When and how does free memory become a problem?
When we analyze different CPE models for free memory in the field, we observe many different behaviors. We are interested in the behaviors resulting in very low free memory, and hence, poor user experience.
We observe in the field that the more uptime a CPE has, it is more likely for the CPE to have low free memory. However, this is not the only reason for low free memory. Fig. 1 shows three common behaviors resulting in low free memory, with script restart and jump events. Script restart events indicate the start of the data collection. Jump events represent the high jumps in the memory, due to a reboot or some internal processes in the CPE. In the first case, free memory is observed to decay exponentially over a couple of days. Another case is that the free memory is showing a monotonic decrease over time until a certain level of memory where the poor user experience starts to be observed. Here, we can group these two cases under a memory leak case. In the last case, sudden jumps/drops in the memory are observed. Sudden jumps occur due to some sudden heavy load processes and tend to revert back to the previous high memory stage after they are completed.

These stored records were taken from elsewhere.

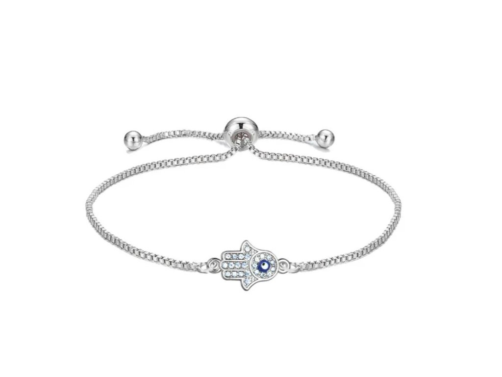 Elegantní dámský náramek s motivem ruky Fátimy nebo symbolu nekonečna, zdobený zirkony a jemným smaltem. Tento náramek v barvě sříbro kombinuje severský minimalismus s klasickou elegancí. Díky stahovacímu zapínání má univerzální velikost a je dodáván v dárkovém sametovém pytlíčku.
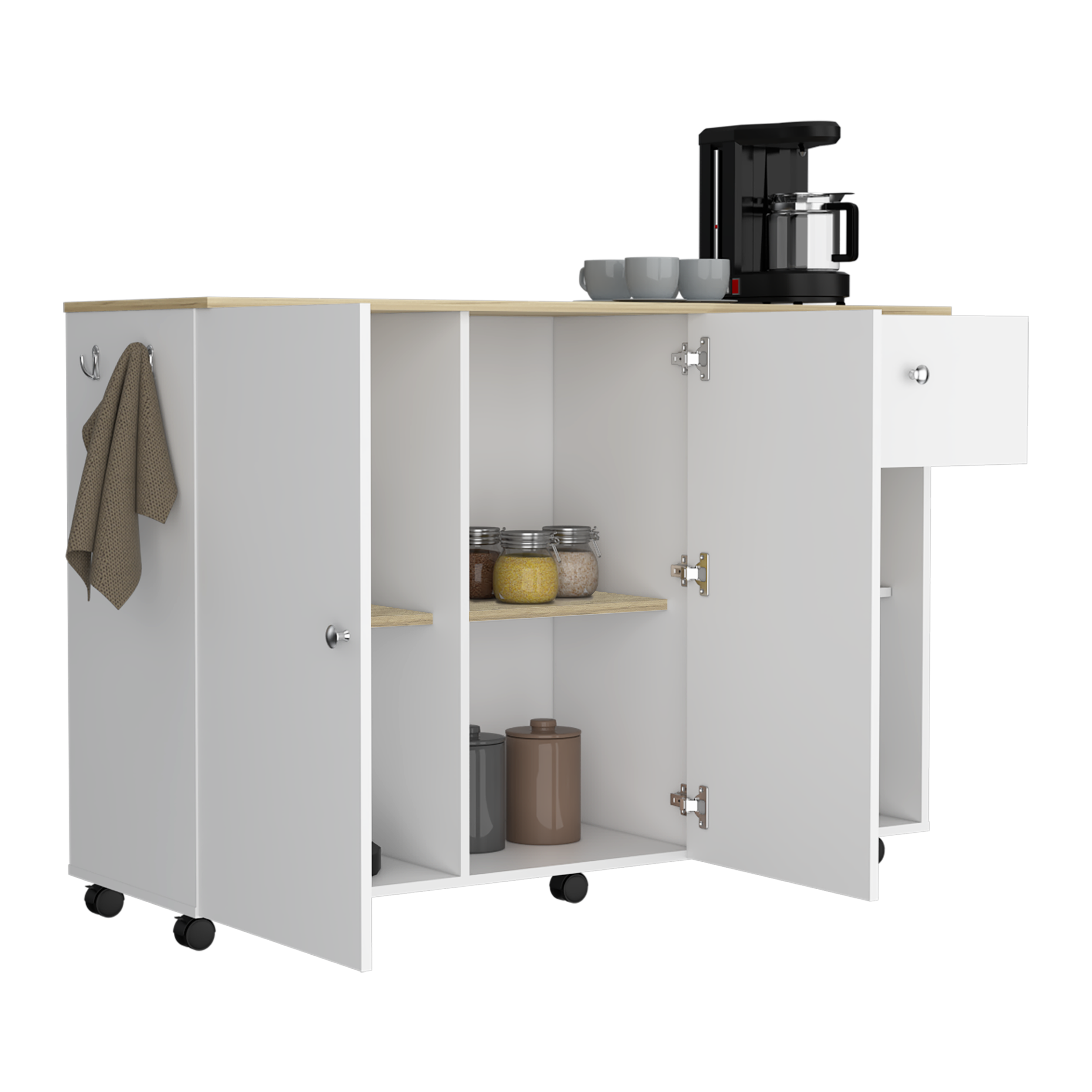Isla De Cocina Movil 92 X 126 Rta Blanco Macadamia
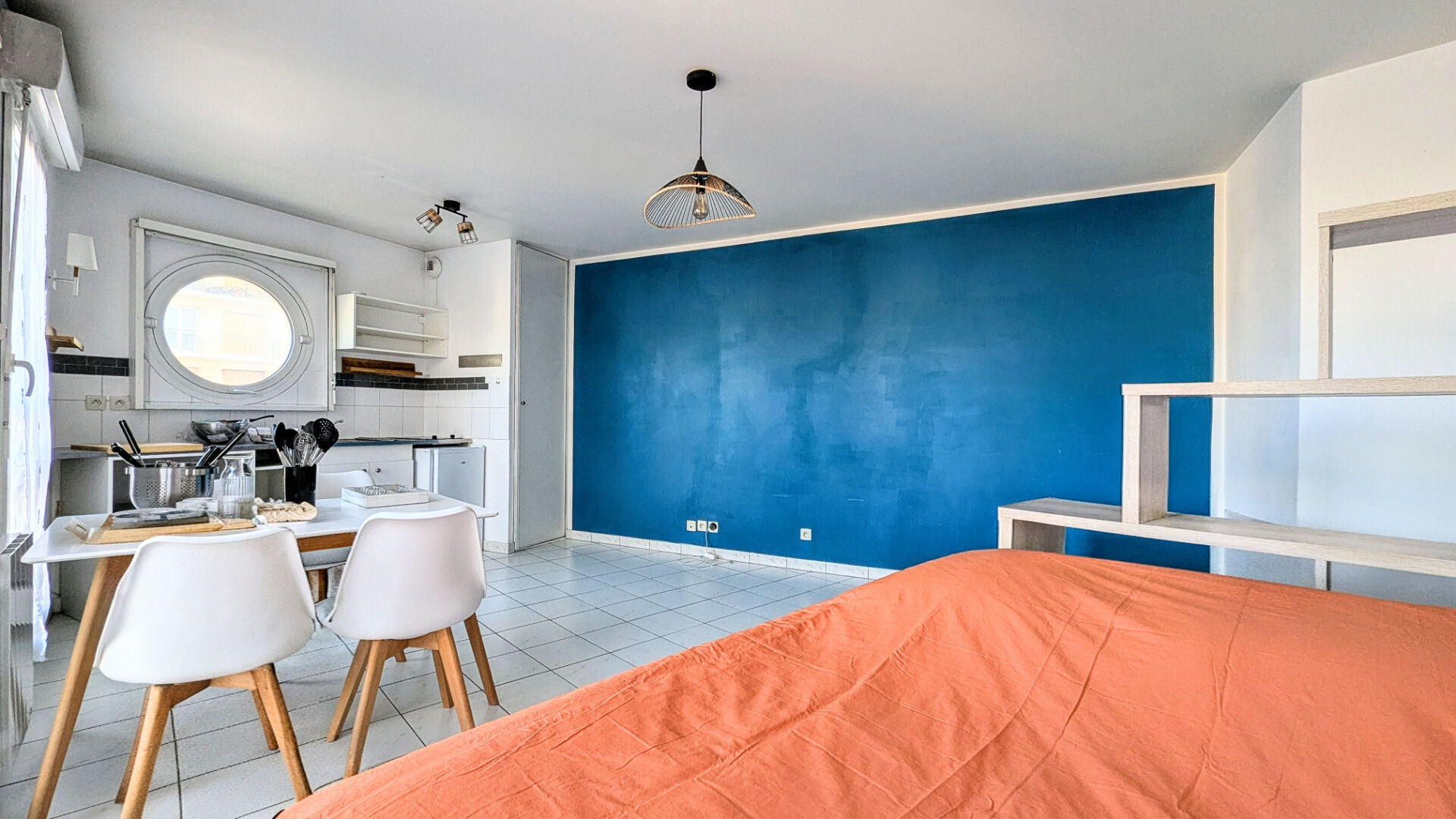 Au cinquième et dernier étage avec ascenseur, un appartement meublé d’une pièce comprenant entrée, séjour avec cuisine ouverte, dégagement avec placard, salle d’eau avec WC et lave-linge séchant.
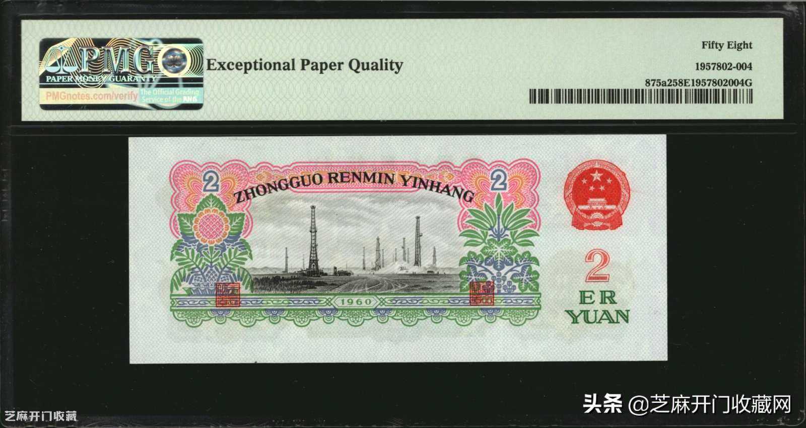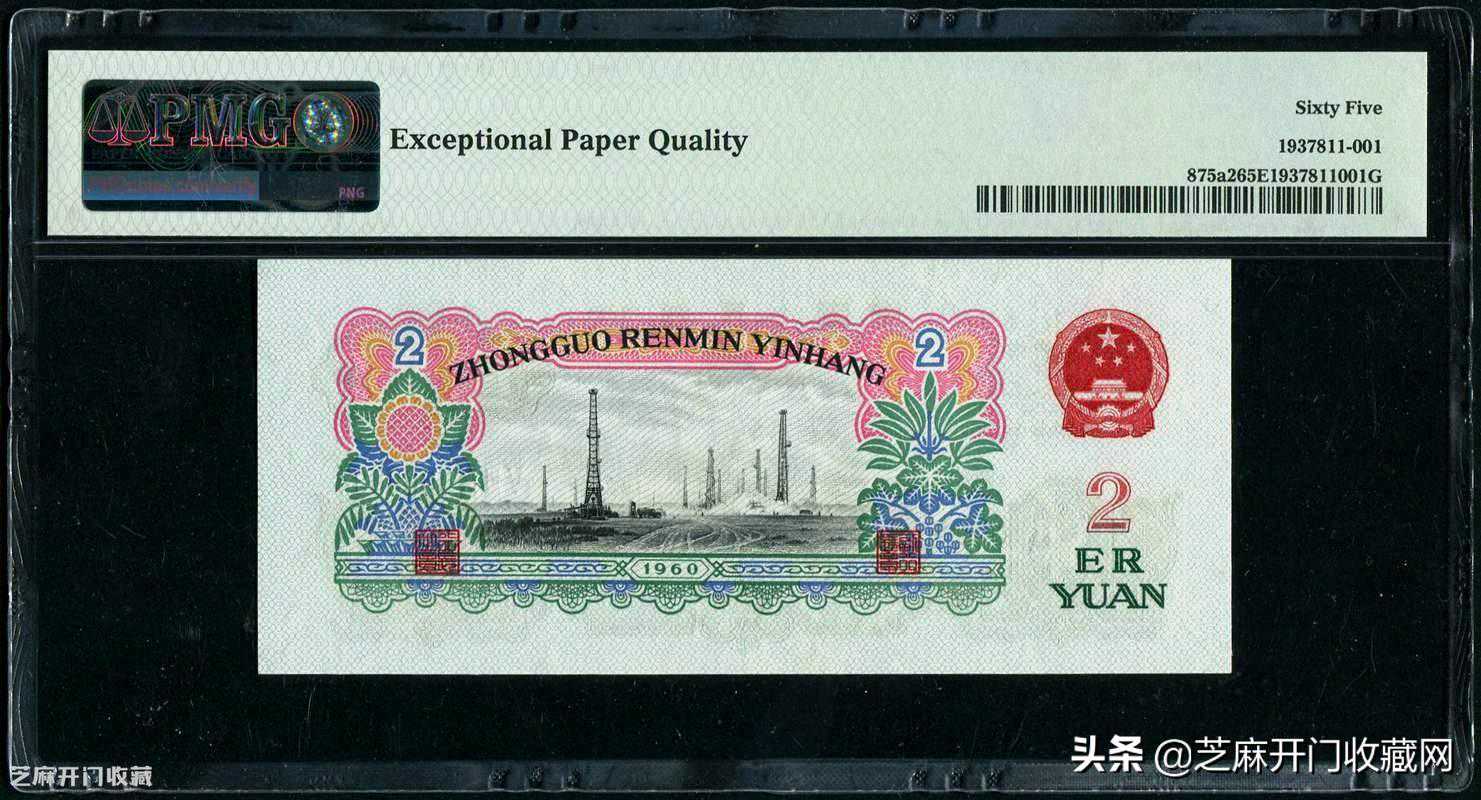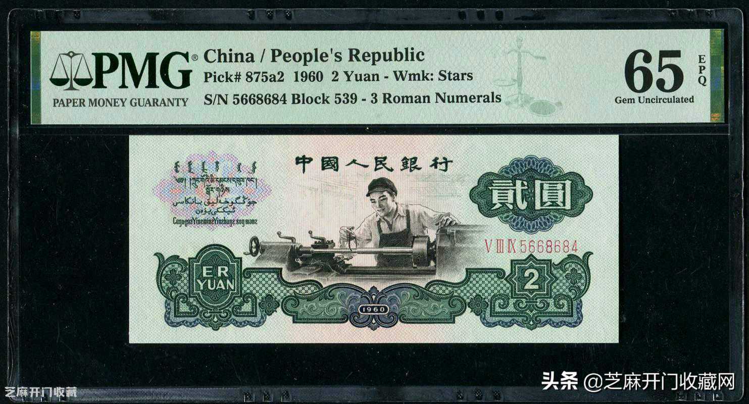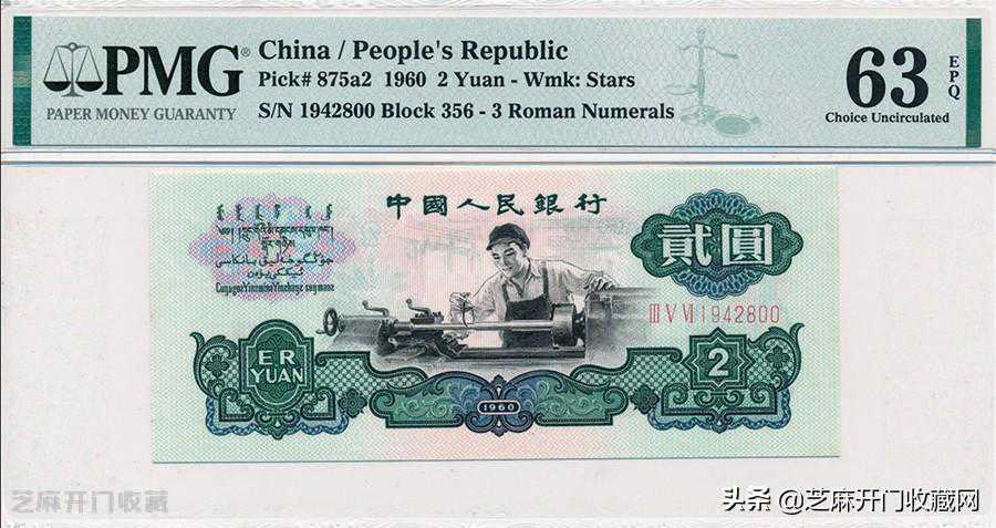 1:第三版1960年2元PMG65EPQ(五星水印),估价:RMB1700-2500,成交价格:RMB1819
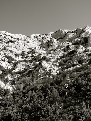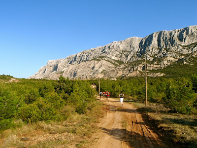 Après avoir zigzagué sur le plateau, toisés par la Sainte Victoire, comme si on cherchait un chemin d’accès, on s’approche doucement des premiers contreforts.
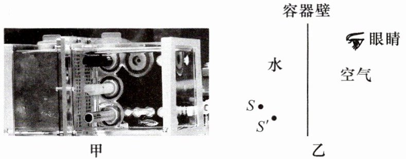 13. (2024·菏泽)2024 年 4 月 26 日,神舟十八号载人飞船成功对接中国空间站,装有 4 条斑马鱼的特制透明容器顺利转移到问天实验舱,如图甲所示。请你在图乙中画出航天员看到斑马鱼的光路图($ S $表示斑马鱼的实际位置,$ S' $表示航天员看到的斑马鱼的像的位置,不考虑容器壁对光线的影响)。
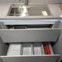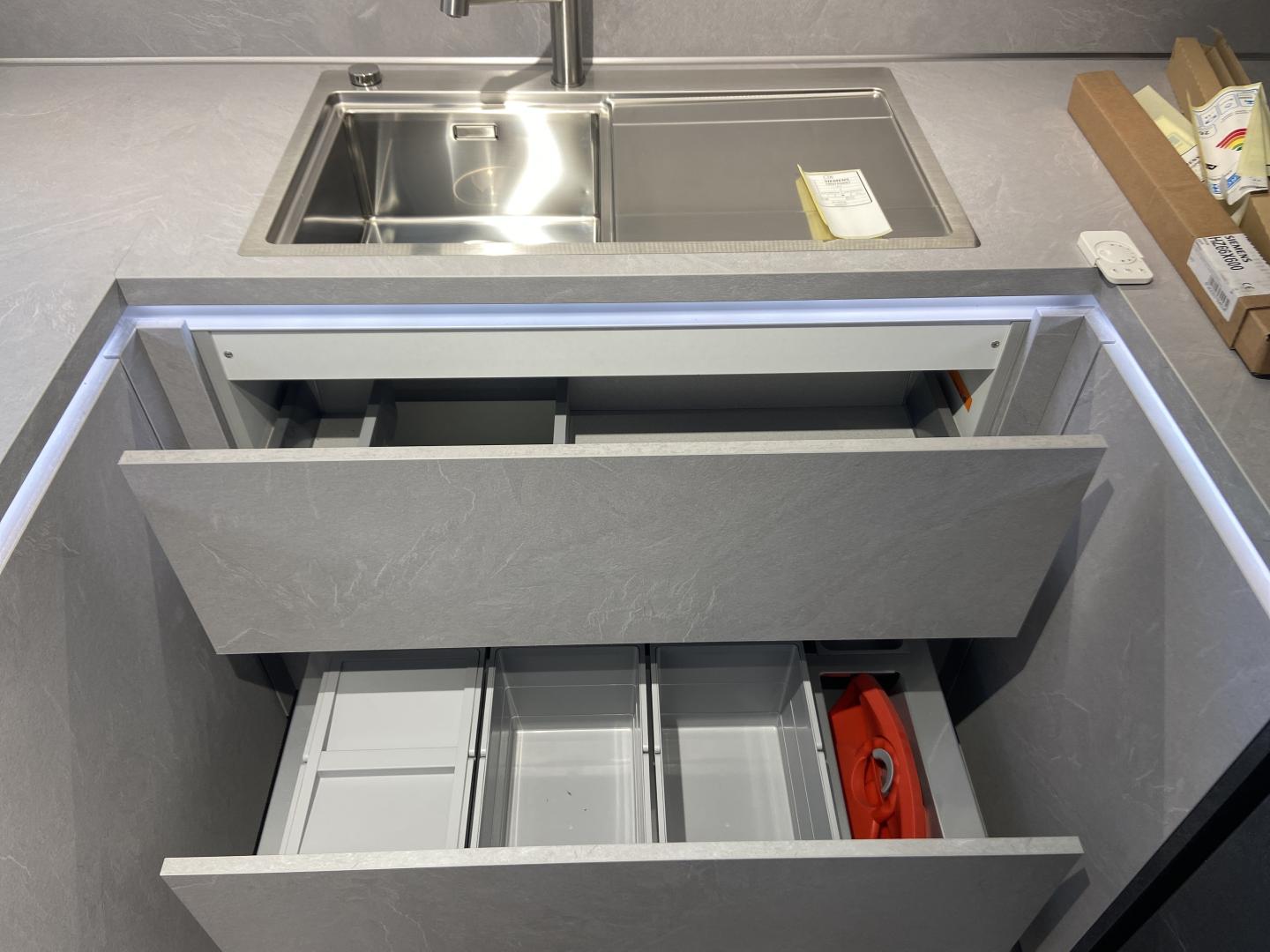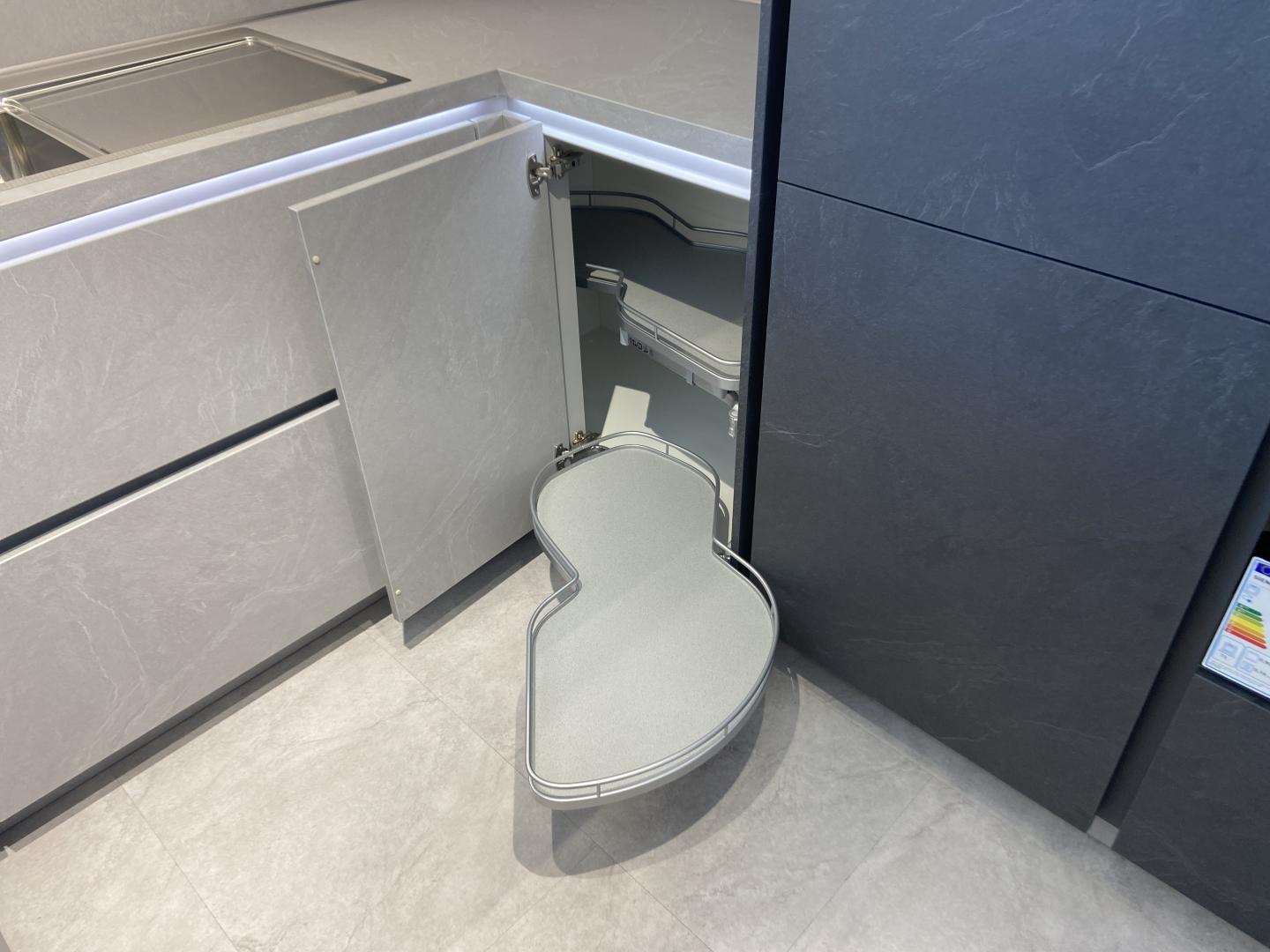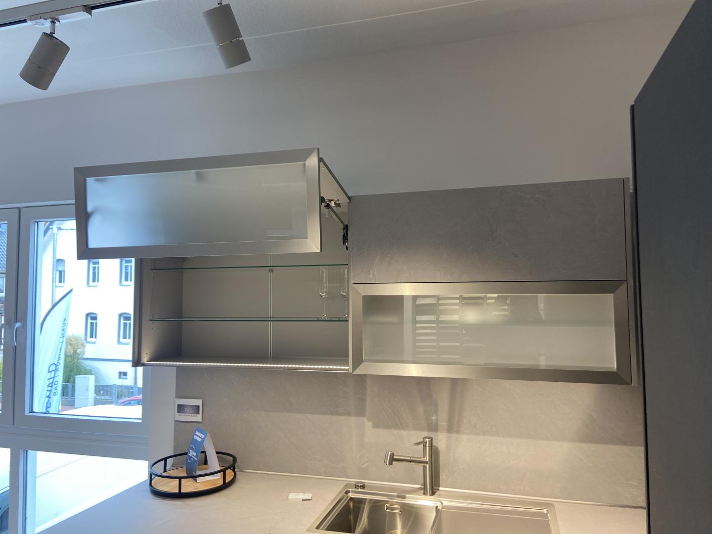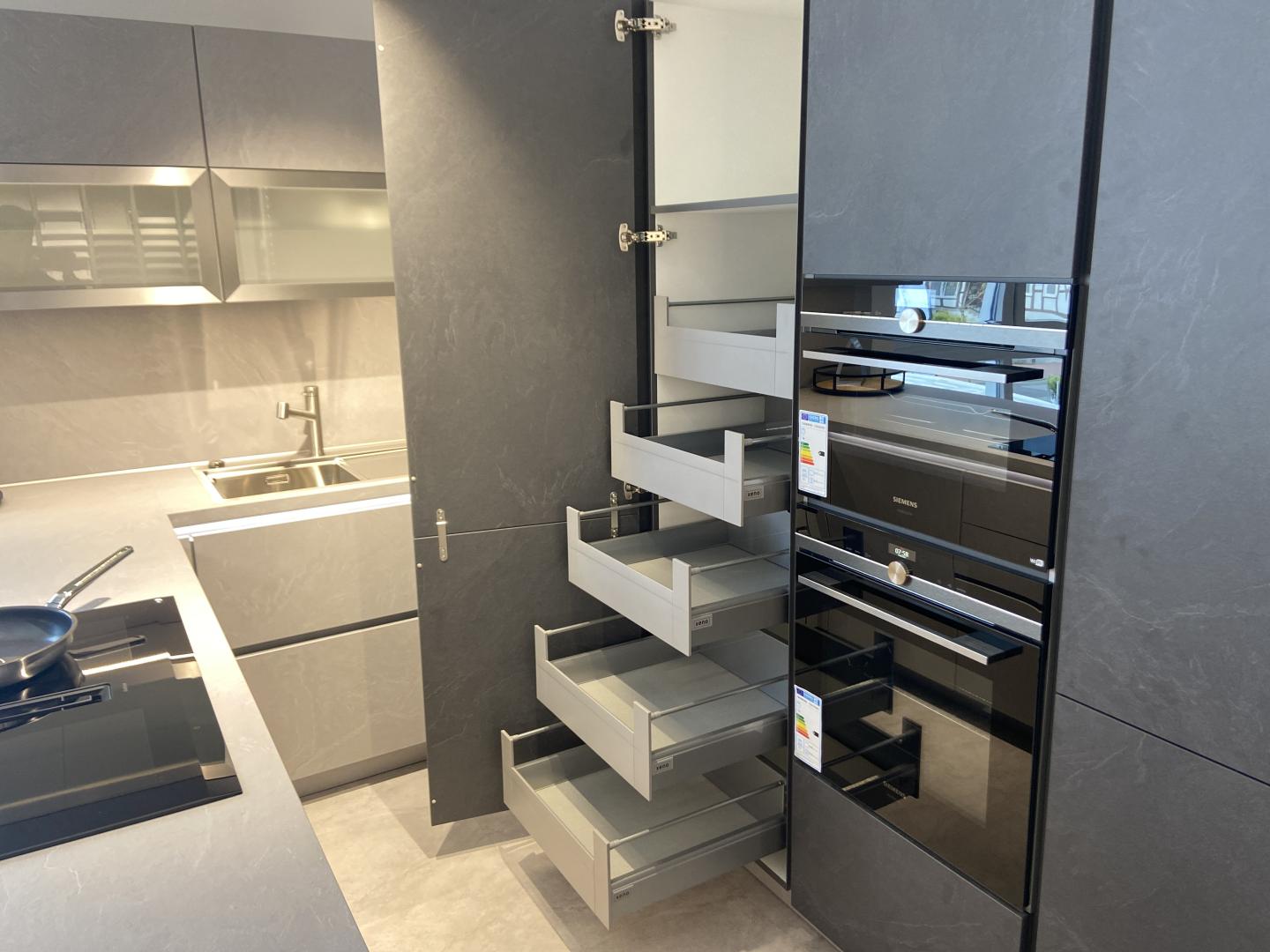 Diese moderne Küche besticht durch ihr modernes Design und die hochwertigen Materialien. Die Kombination aus hellem Grau und dunklem Anthrazit verleiht dem Raum eine elegante Atmosphäre. Die Kochinsel ist nicht nur ein optisches Highlight, sondern bietet auch zusätzlichen Arbeits- und Stauraum. Die indirekte Beleuchtung unter den Hängeschränken und unter der Arbeitsplatte setzen gezielt Akzente und schaffen eine angenehme Arbeitsatmosphäre.

Fig. 1: Three common behaviors resulting in low free memory: exponential free memory decay, slow memory leaks over time, and sudden jumps in free memory.
Now we know what causes low free memory, but what is “low” here? It is definitely important to understand the levels of memory usage that could affect Wi-Fi performance. To determine the “critical” free memory affecting the performance, we conducted various tests on different CPEs.
Let’s talk about the test results.
Every CPE brand shows different types of degradation in Wi-Fi performance at various memory levels. While the free memory is at a critical level, we have observed disruptions in the internet connection, DNS issues, instability in the client throughput, increased ping delays, and packet losses. Fig. 2 is an example showing the effect of low free memory on the client throughput. We have observed that the client throughput diminishes and CPU load doubles after the CPE spent one hour at the critical free memory region. Also in some cases, the variance in the client throughput increases, and disconnections occur after the free memory hits the critical level. Additionally, Fig. 3 is an example of high ping delays due to low free memory. The ping delays are measured when the memory of the CPE is deliberately leaked. It is observed that ping delays skyrocketed up to 12 seconds causing packet loss. This behavior is also observed at other CPE brands. Another issue for some CPEs at critical memory is that the connected clients continue downloading content when the IP of the source is already resolved, but cannot browse a new URL. This means that low memory sometimes causes unresolved DNS issues, preventing the user from browsing new web pages.
Fig. 2: An example of low free memory causing increased CPU load and diminishing client throughput.
Fig. 3: An example of high ping delays due to low free memory.
Another interesting observation from our tests is self-rebooting, depicted in Fig. 4. When the free memory of some CPE models is on a critical level, the average CPU load suddenly jumps, and the devices reboot themselves. After the reboot, these CPEs reach safe free memory and low CPU load levels. However, this self-preservation mechanism obviously results in a few minutes of service interruptions for end-users. The worst scenario would be staying in this problematic state for a long time. Unfortunately, many CPE models do not have self-preserving mechanisms and stay under low free memory or high CPU conditions, trying to survive with the limited memory they have. This causes more severe problems on the CPE and the client side.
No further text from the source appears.